Payment on account
Payment on account
Under CPR rule 44.2(8), since I have made an order for costs to be subject to detailed assessment if not agreed, I must also make an order for an interim payment on account of such costs, unless there is a good reason not to do so. In Learning Curve (NE) Group Ltd v Lewis [2025] EWHC 2491 (Comm). HHJ Russen KC, sitting as a judge of the High Court, said:
“59. I recognise that, where the receiving party has an approved costs budget, the court now routinely fixes a payment on account by reference to 90% of the agreed and/or approved budgeted sum (and, as the level of incurred costs generally feeds into any agreement upon or approval of the budgeted costs, I think usually without any real distinction being drawn between the incurred and budgeted elements of the total sum): see, e.g. Thomas Pink Ltd v Victoria's Secret UK Ltd [2014] EWHC 3258 (Ch); [2015] 3 Costs LR 463, at [60], per Birss J; MacInnes v Gross [2017] EWHC 127 (QB); [2017] 4 WLR 497, at [28], per Coulson J; and Sheeran v Chokri [2022] EWHC 1528 (Ch), at [41], per Zacaroli J. However, those cases concerned costs which were to be assessed on the standard basis. It is because CPR 3.18 provides that, when assessing costs on the standard basis, the court will not depart from the approved or agreed budgeted costs unless there is good reason to do so that the practice has been adopted of taking a high percentage of the receiving party's budgeted costs for the purpose of fixing the payment on account. CPR 3.18 provides reasonable confidence that a figure in the region of 90% of the budget is unlikely to amount to an overpayment and should for that purpose be treated as reflecting the payee's likely irreducible minimum entitlement.
60. In this case, and in the absence of agreement upon the recoverable amount, a significant part of the claimant's costs will be assessed on the indemnity basis and CPR 3.18 will not apply to those costs. As Coulson LJ observed in Burgess v Lejonvarn [2020] EWCA Civ 114; [2020] 4 WLR 43, at [89]–[93], if there is an order for indemnity costs, then prima facie any approved budget becomes irrelevant. It follows that the reasoning underpinning the approach to a payment on account, which is illustrated by the three cases mentioned above, does not apply to the significant element of the claimant's costs covered by the award of indemnity costs, whether or not they are included in a presently approved budget.”

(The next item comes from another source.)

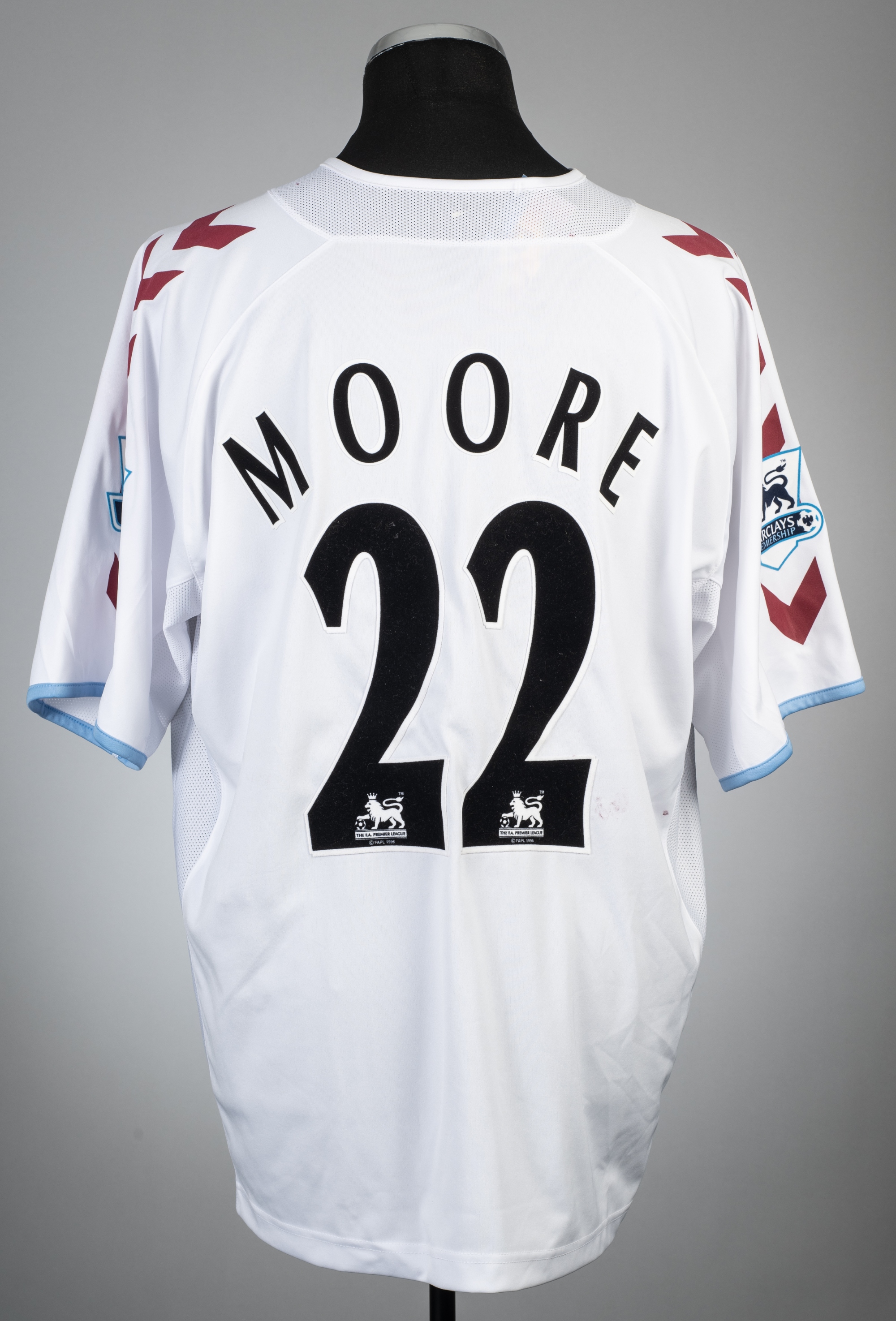 Luke Moore white Aston Villa no.22 away jersey, season 2004-05, Hummel, short-sleeved with BARCLAYS PREMIER LEAGUE sleeve badges, club crest and sponsor logo, reverse lettered MOORE, one size, bears retail tag

Since I have ordered the first defendant to pay the claimant’s costs on the indemnity basis, the same reasoning applies to the present case. The originally approved costs budget of the claimant was varied by DJ Markland in August 2025 to a total of £109,133.50, excluding VAT (of which £27,173.50 were incurred costs, and £81,960 were estimated costs). The claimant acknowledges that this budget will include costs which have not been incurred, such as the second day of the trial and disbursements from mediation. But there are also other costs incurred by the claimant which are not included. She estimates that her total costs incurred are approximately £155,000. In all the circumstances, I will order a payment on account of £109,000 by 4 PM on 17 November 2025.